Assignment - Reproduce only what runs from the line containing "Und gestern wurde" to the line containing "Popular dishes like" in the records below, inclusive. Keep it exact, and keep the pictures out.

Dataset items -
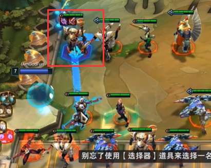 ②给贾克斯使用“至尊机甲选择器”,随后你会看到贾克斯身上有两道连线。
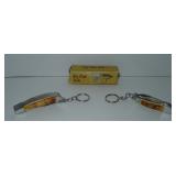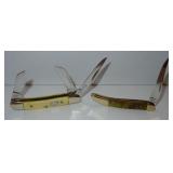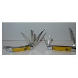 Pocket Knives. Royal Ridge Runner with 3 Blades and measuring 3.5" overall. Also includes a Hen & Rooster pocket knife measuring 2.5" overall. Please see additional pictures for detail. Condition: Very Good |
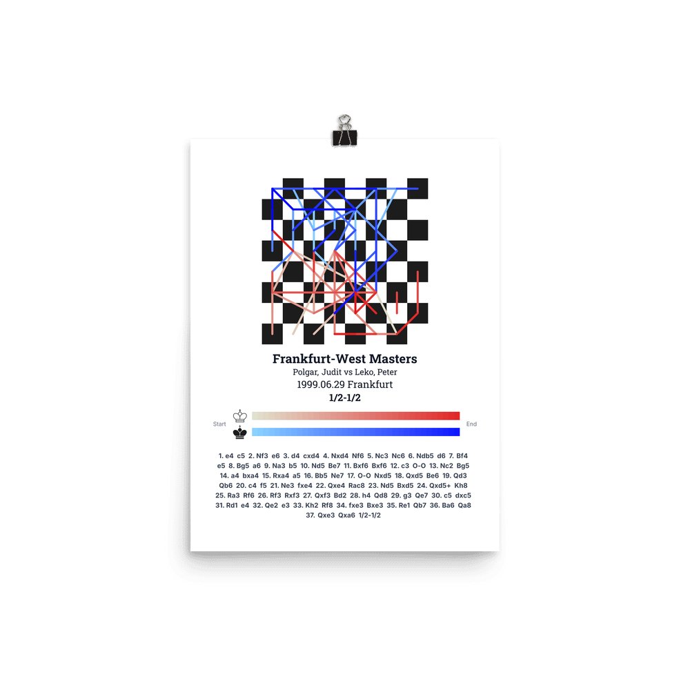 Museum-quality poster on thick, durable matte paper. A sharp, clean look for any chess visualisation.
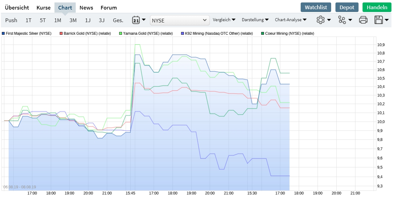 Und gestern wurde nicht nur Couer abverkauft ! Auch andere Value Werte sind erst gestiegen und wurden dann zum Handeksende abverkauft sodass der Gold-/Silberpreisanstieg gestern bei den Minen völlig verpuffte ! First Majestic , Yamana , K92 im Endeffekt alle Werte.
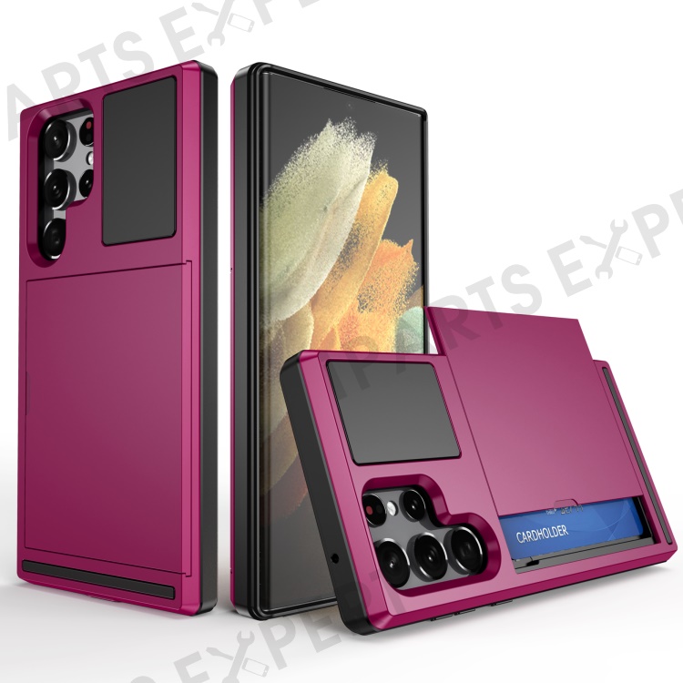 Sliding Card Holder Phone Case for Samsung Galaxy S23 Ultra, Anti-drop PC + TPU Protective Cover - Rose
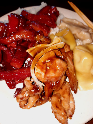Popular dishes like Pepper Steak, Sweet and Sour Chicken, Kung Pao, Sesame, Chicken and Broccoli, etc., with steamed and fried rice options.
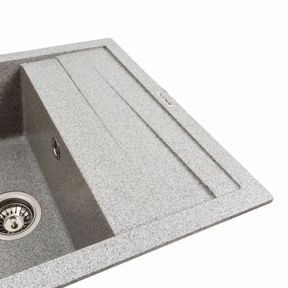 Гранітна мийка для кухні 7050 CASCADA кольору Сірий українського бренду Platinum - це стильна, врізна, прямокутна мийка, яка своїм виглядом чудово доповнить дизайн вашої кухні. Мийка на 80% складається з кварцу та на 20% з надзвичайно твердої акрилової смоли, завдяки чому невибаглива у догляді, а також має великий запас міцності.
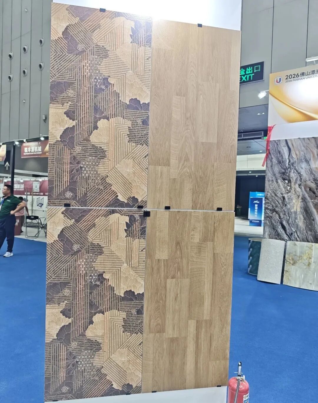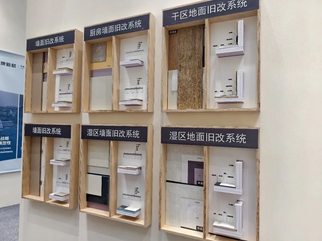 此次展会,鹰牌新材展示了其核心产品,涵盖硅藻科技墙板、安芯墙板、石晶地板、石晶墙板、防滑地胶等,具有环保、防潮、防火、耐磨等特性,适用于旧房翻新、公区改造等场景。
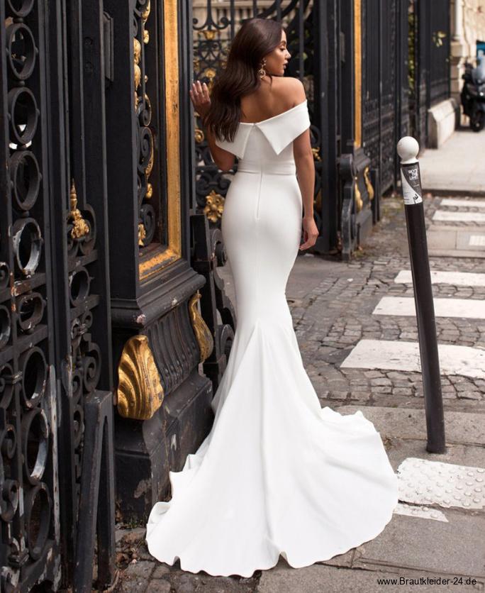 Off-the-shoulder fit and flare wedding dress Helin with brush train

Result of this exercise -
 Und gestern wurde nicht nur Couer abverkauft ! Auch andere Value Werte sind erst gestiegen und wurden dann zum Handeksende abverkauft sodass der Gold-/Silberpreisanstieg gestern bei den Minen völlig verpuffte ! First Majestic , Yamana , K92 im Endeffekt alle Werte.
 Sliding Card Holder Phone Case for Samsung Galaxy S23 Ultra, Anti-drop PC + TPU Protective Cover - Rose
Popular dishes like Pepper Steak, Sweet and Sour Chicken, Kung Pao, Sesame, Chicken and Broccoli, etc., with steamed and fried rice options.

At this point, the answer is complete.